EXERCISE DATA section start

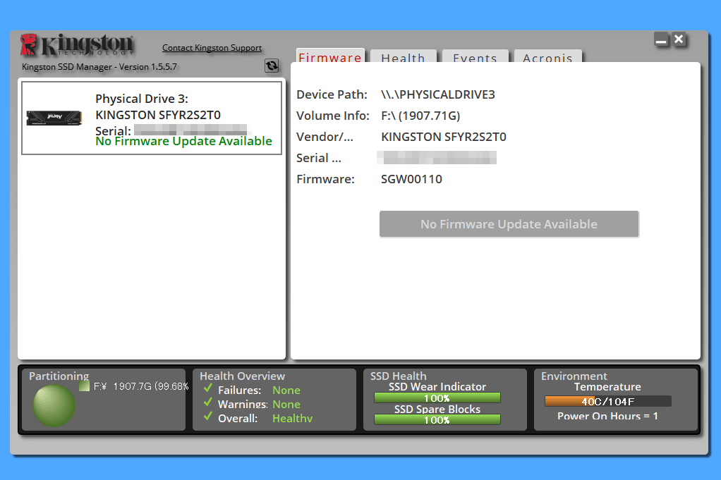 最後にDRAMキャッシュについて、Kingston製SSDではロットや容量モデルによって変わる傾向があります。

EXERCISE DATA section end
EXERCISE DATA section start

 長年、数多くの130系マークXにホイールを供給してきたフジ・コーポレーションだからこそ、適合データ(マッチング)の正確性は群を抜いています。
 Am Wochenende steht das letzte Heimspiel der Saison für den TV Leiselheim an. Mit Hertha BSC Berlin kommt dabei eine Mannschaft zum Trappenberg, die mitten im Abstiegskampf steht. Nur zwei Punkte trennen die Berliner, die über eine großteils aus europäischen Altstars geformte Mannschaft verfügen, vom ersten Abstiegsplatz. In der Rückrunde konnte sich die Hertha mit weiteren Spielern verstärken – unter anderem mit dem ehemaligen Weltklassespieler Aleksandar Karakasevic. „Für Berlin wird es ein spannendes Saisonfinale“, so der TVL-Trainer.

EXERCISE DATA section end

• **AIM OF THE EXERCISE**
Reprint exactly the lines above that start at the one with "長年、数多くの130系マーク" and end at the one with "Am Wochenende steht", keeping both and adding none.

• **RESULT FOR THIS TASK**
 長年、数多くの130系マークXにホイールを供給してきたフジ・コーポレーションだからこそ、適合データ(マッチング)の正確性は群を抜いています。
 Am Wochenende steht das letzte Heimspiel der Saison für den TV Leiselheim an. Mit Hertha BSC Berlin kommt dabei eine Mannschaft zum Trappenberg, die mitten im Abstiegskampf steht. Nur zwei Punkte trennen die Berliner, die über eine großteils aus europäischen Altstars geformte Mannschaft verfügen, vom ersten Abstiegsplatz. In der Rückrunde konnte sich die Hertha mit weiteren Spielern verstärken – unter anderem mit dem ehemaligen Weltklassespieler Aleksandar Karakasevic. „Für Berlin wird es ein spannendes Saisonfinale“, so der TVL-Trainer.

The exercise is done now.